DATASET SECTION
■ ■ ■ ■ ■

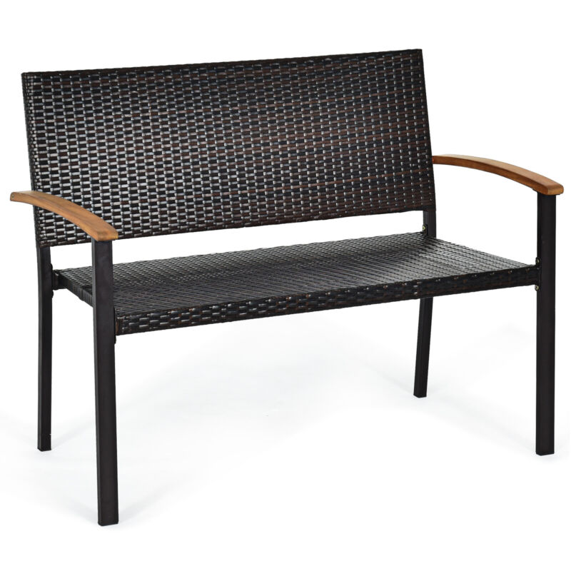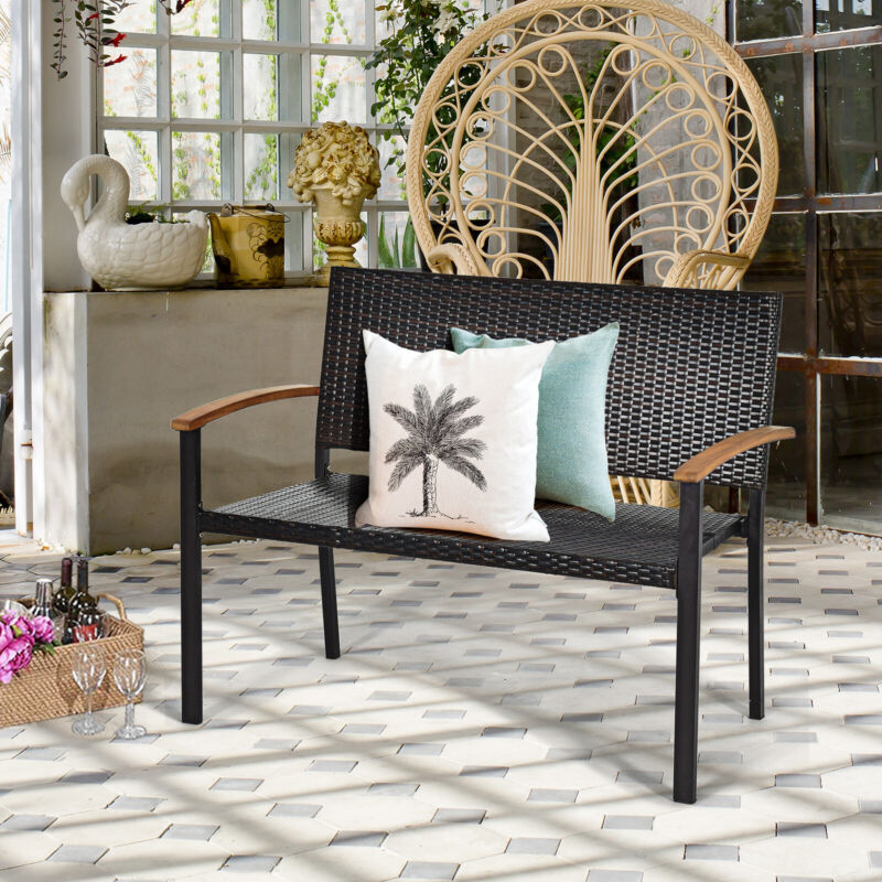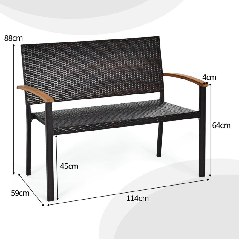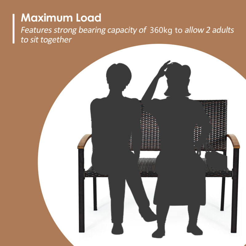2 Seater Patio Garden Bench Outdoor Wicker Loveseat Furniture Park Chair Seat
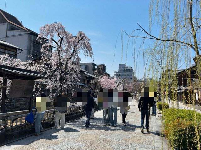 国内外問わず京都屈指の観光名所『祇園白川』。四季折々で京都らしい風情が楽しめ、昼夜問わず多くの観光客がそぞろ歩きし、情緒あふれる景色をバックに記念撮影する人も多い場所。特に『巽橋』周辺が人気スポットで、欄干越しから多くの方が記念撮影。白川沿いにはさまざまな品種の桜の木が植えられ、開花具合もまちまちですが見頃。
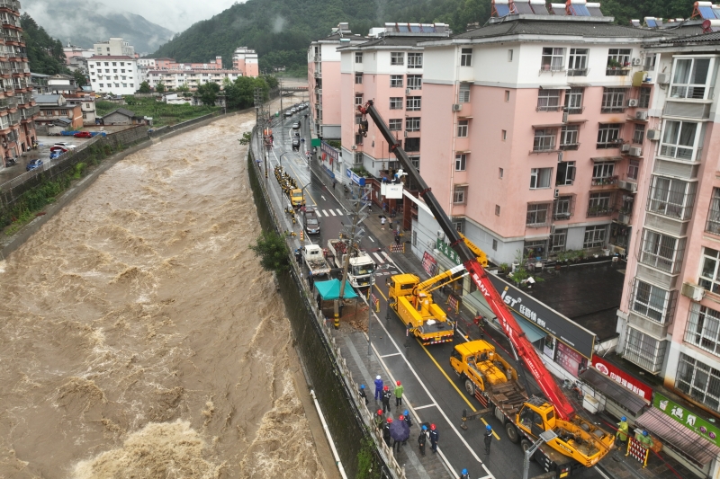 國網(wǎng)陜西寶雞供電公司員工為受汛情影響小區(qū)接通發(fā)電車。

■ ■ ■ ■ ■

TASK INSTRUCTIONS
Retype, exactly as written, each line from the one containing "国内外問わず京都屈指の観光名" through the end of the data above, and leave out every picture.

SOLVED EXERCISE
 国内外問わず京都屈指の観光名所『祇園白川』。四季折々で京都らしい風情が楽しめ、昼夜問わず多くの観光客がそぞろ歩きし、情緒あふれる景色をバックに記念撮影する人も多い場所。特に『巽橋』周辺が人気スポットで、欄干越しから多くの方が記念撮影。白川沿いにはさまざまな品種の桜の木が植えられ、開花具合もまちまちですが見頃。
 國網(wǎng)陜西寶雞供電公司員工為受汛情影響小區(qū)接通發(fā)電車。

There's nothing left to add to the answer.